Breaking News

BAWASLU Adakan Rapat Koordinasi Evaluasi Pengawasan

Kabupaten Bandung - Qjabar.com

Sebanyak 39 pelanggar pemilu yang diregister Badan Pengawas Pemilu (Bawaslu) Kabupaten Bandung, baik itu etik, administratif atau pidana 20 persennya merupakan laporan dari unsur masyarakat. Ini membuktikan masyarakat sadar bahwa penyelenggaraan pemilu itu harus dilaksanakan secara sehat dari sisi demokrasi.

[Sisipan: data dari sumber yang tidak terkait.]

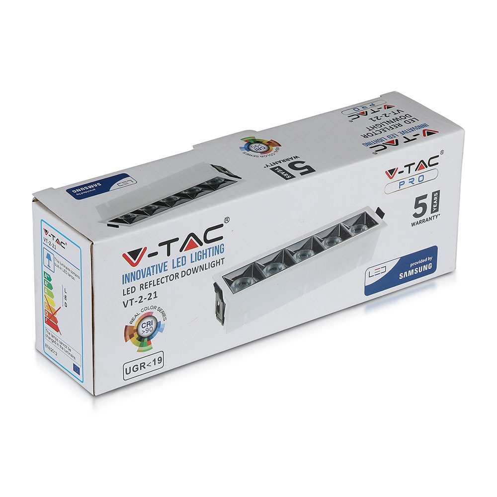 LED Downlight von V-TAC, Modell VT-2-21, mit einer Leistung von 20 Watt, geeignet für den Einbau in Decken. Das Produkt bietet eine Lichtausbeute von 1600 Lumen, einen Farbwiedergabeindex von über 90 und einen Abstrahlwinkel von 12°. Die Lebensdauer beträgt 30.000 Stunden und es wird eine Garantie von 5 Jahren gewährt. Die Abmessungen sind 55 mm in der Höhe, 220 mm in der Breite und 80 mm in der Tiefe, mit einem Gewicht von 0,589 kg. Das Produkt ist mit einem schnellen Anschluss für eine einfache Verdrahtung ausgestattet und eignet sich für Hotels, Showrooms, Einzelhandelsgeschäfte und Boutiquen.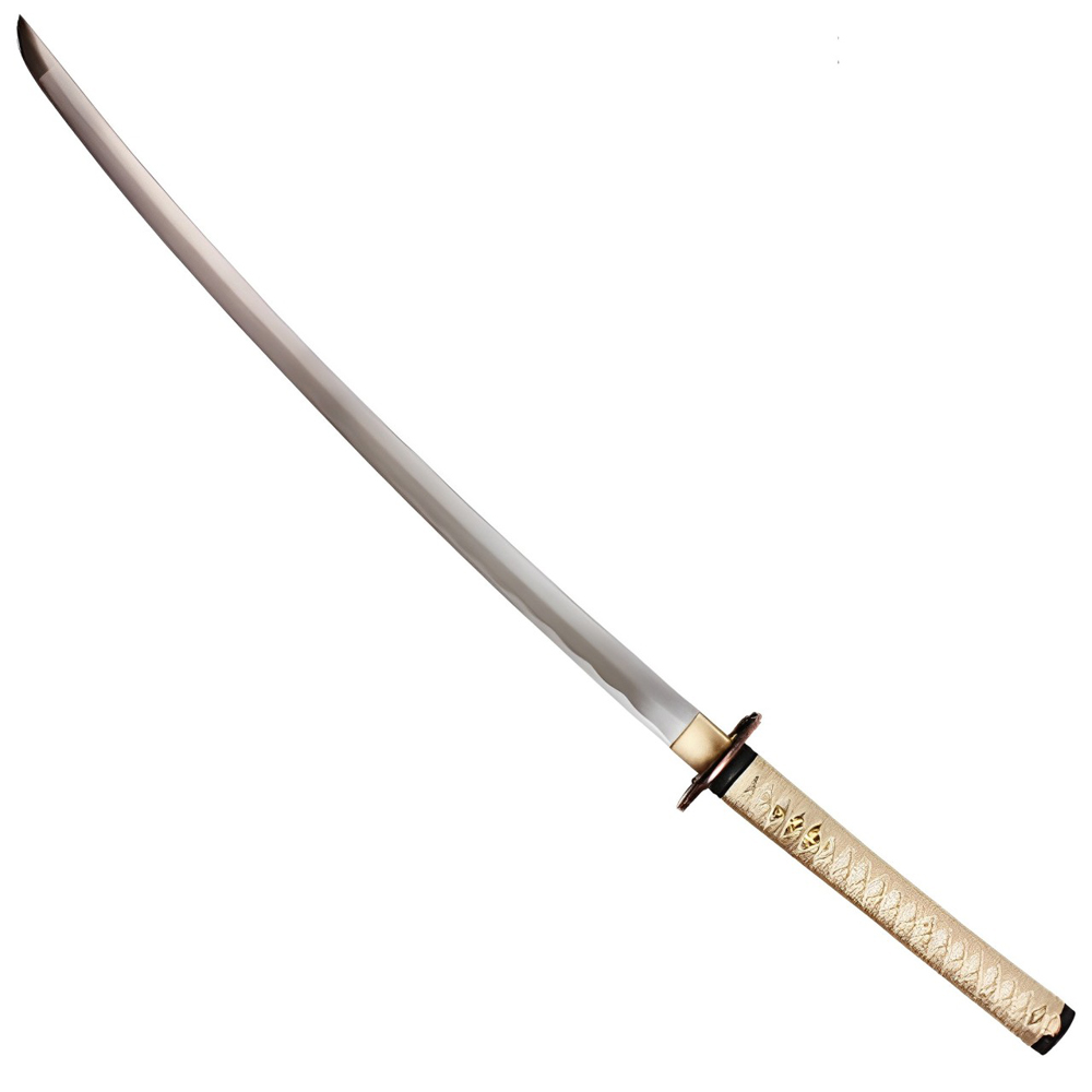 Discover the 41.25" Handmade Gold Katana, a Masterpiece of Artistry and Power. Featuring a 1045 Carbon Steel Blade, this Katana is engineered for Strength and Durability, perfect for Collectors and Practitioners alike. The Ray Skin Wrapped Handle provides a Comfortable Grip and a Unique Texture, enhancing both Functionality and Style. Comes complete with a Premium Sword Bag and Certificate of Authenticity, making it a stunning Addition to any Collection.
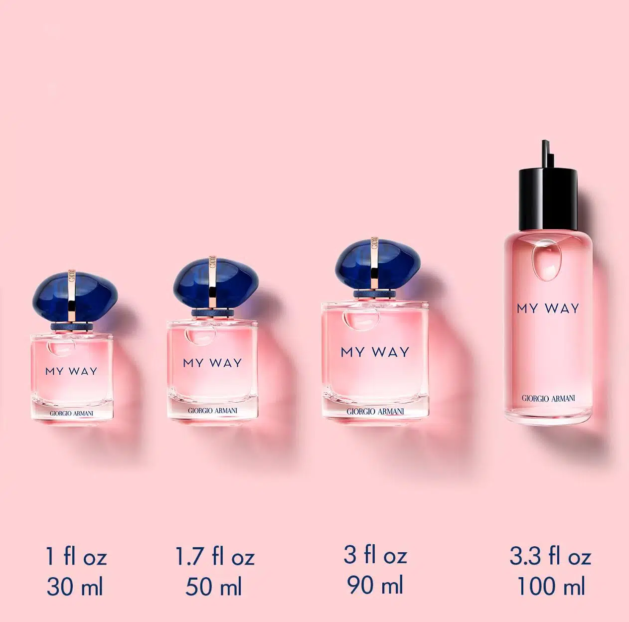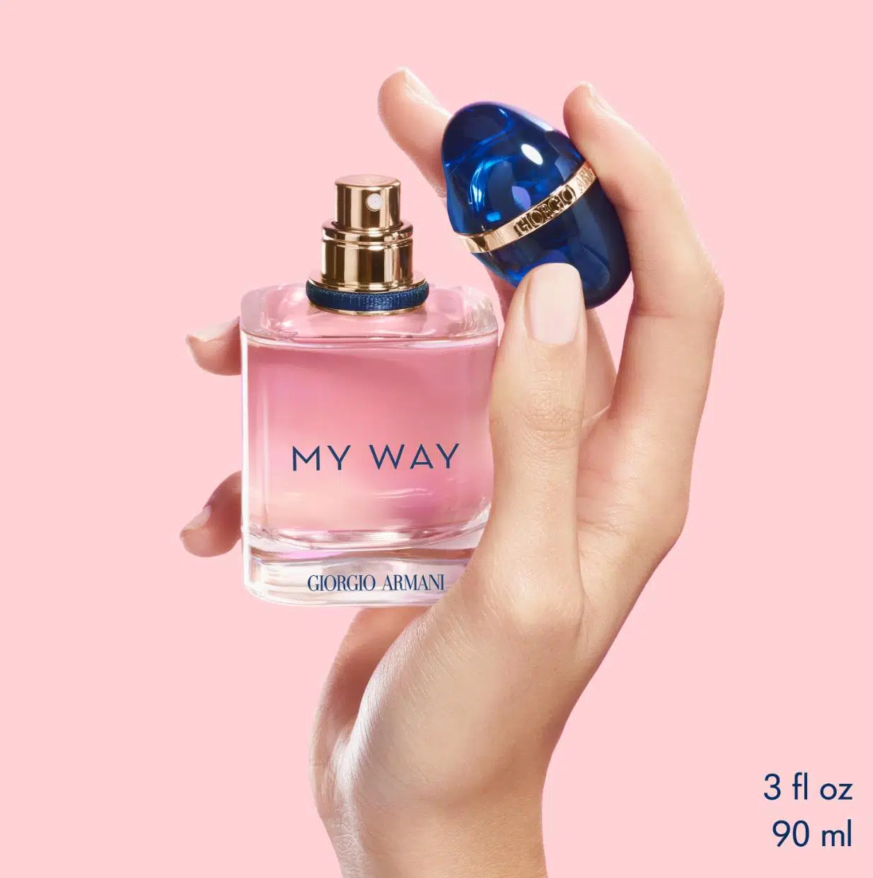My Way'in eşsiz dünyasını keşfedin. My Way, ufkunuzu genişletmeniz ve dünya çapında yeni deneyimler yaşamanız için bir davetiyedir. Baş döndüren beyaz çiçeklerden oluşan bir buket, dünya metaforu olarak yaratılmış tılsımlı bir şişede saklanmaktadır. My Way, ufkunuzu genişletmeniz için, sizi dünyanın herhangi bir yerinde denk gelebileceğiniz anlamlı deneyimlere çağıran bir kokudur. Açık fikirli, meraklı, doğayı hisseden ve hem kendini hem de dünyayı keşfetmeye hazır olan kadınların kokusudur. Mavi kapak, bir dünya metaforudur. Kapağın çevresindeki altın yüzük, kazanılan her deneyim tarafından aydınlatılan eşsiz bir serüvenin sembolüdür. Giorgio Armani imzasıyla damgalanmış altın yüzükle çevrili olan kapak, yaşanması gereken zarafet dolu dünyayı yansıtır. Bu eşsiz parfüm sürdürülebilirlik ilkesi ile uyumlu olacak şekilde yeniden doldurulabilir formatta üretilmiştir.

Demikian dikatakan Ketua Bawaslu Kabupaten Bandung Kahpiana kepada wartawan seusai menggelar rapat koordinasi dan evaluasi pengawasan Pilbup 2020 di Hotel Kampung Pago Kecamatan Pasirjambu Kab. Bandung, Rabu (6/01/2021).

Dari sisi partisipasi masyarakat, terang Kahpiana ini peran dari Komisi Pemilihan Umum (KPU), yang hasilnya dapat dilihat dari kehadiran masyarakat di Tempat Pemungutan Suara (TPS). Sedangkan sisi pengawasan partisipatif itu adalah kesadaran masyarakat dalam memberikan laporan saat terjadi kecurangan, kemudian memberikan laporan kepada pengawas pemilu.

Kahpiana mengaku, terkait evaluasi pelaksanaan Pilbup, dari sisi pengawasan sudah terjawab semua. “Alhamdulilah semua terawasi. Dari sisi tahapan pelaksanaan kampanye juga bisa terawasi semua,” katanya.

Koordinator Divisi Pengawasan Pemilu Jawa Barat Zaki Hilmi menyebutkan, tingkat capaian target partisipasi pada Pilkada di Jawa Barat, sudah tercapai. Penerapan protokol kesehatan saat pelaksanaan pemungutan suara juga bagus.

Namun Zaki menyayangkan, karena masih ditemukan aspek pelanggaran yang selama ini masi ada. “Misalnya kaitan keterlibatan ASN dan kepala desa,” katanya.

Zaki menerangkan, seluruh peristiwa yang terjadi saat Pilkada 2020, menjadi catatan untuk kedepannya agar tidak terjadi kembali kesalahan teknis dari penyelenggaran pemilu, terkait integritas dan juga pelanggaran-pelanggaran netralitas ASN, maupun money politic.